Worth noting is the fact that the girls are all taught to develop profitable and philanthropic businesses. In May, they liquidate the businesses, return capital (and more) to investors, and each donate 5-20% of profits to charities like Greenpeace, SPCA, CARE and the school library! Several of the teams focused on recycled products as well, which Trae Vassalo from Kleiner particularly applauded when she funded Reuse, Recycle and Relax. Now that the excitement of Entrepreneurial Night is over and the teams are funded, it’s time for the girls to deliver on their promises and present their accomplishments in May.
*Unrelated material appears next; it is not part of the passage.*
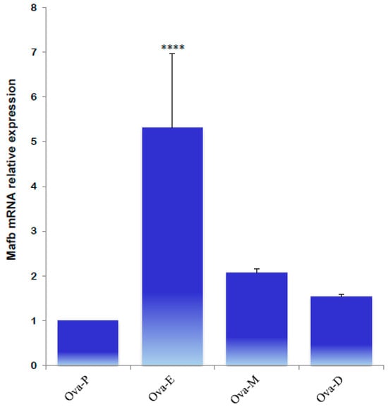qPCR quantification of MafB mRNA expression levels from hamster ovaries in proestrus (Ova-P), estrus (Ova-E), metestrus (Ova-M), and diestrus (Ova-D) females. The gene of interest was normalized to the reference gene (β-actin), and the relative expression levels were compared using the relative ΔΔCt method. The data are presented as means (bars) ± SD (n = 5 biological independent replicates). **** indicates p < 0.0001.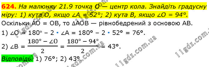 На малюнку 21.9 точка O — центр кола. Знайдіть градусну міру: 1) кута О, якщо ∠A = 52°; 2) кута В, якщо ∠O = 94°. Оскільки AO = OB, то ∆AOB — рівнобедрений з основою AB. 1) ∠O = 180° – 2 ∙ ∠A = 180° – 2 ∙ 52° = 76°. 2) ∠B = (180° - ∠О)/2 = (180° - 94°)/2 = 43°. Відповідь. 1) 76°; 2) 43°.

Good luck to tomorrow’s women entrepreneurs!

Editor’s Note: I met Vivian Wu on an airplane last week while we were both returning from traveling in Los Angeles. She told me about this event, where young women presented their business ideas at Google HQ in front of hundreds of attendees and judges, and I asked her to write about it here on TechCrunch. Vivian has been a judge at the Girls Middle School Entrepreneurial Night for the past three years. She focuses on technology investments and buyouts at TA Associates, a $10 billion private equity firm.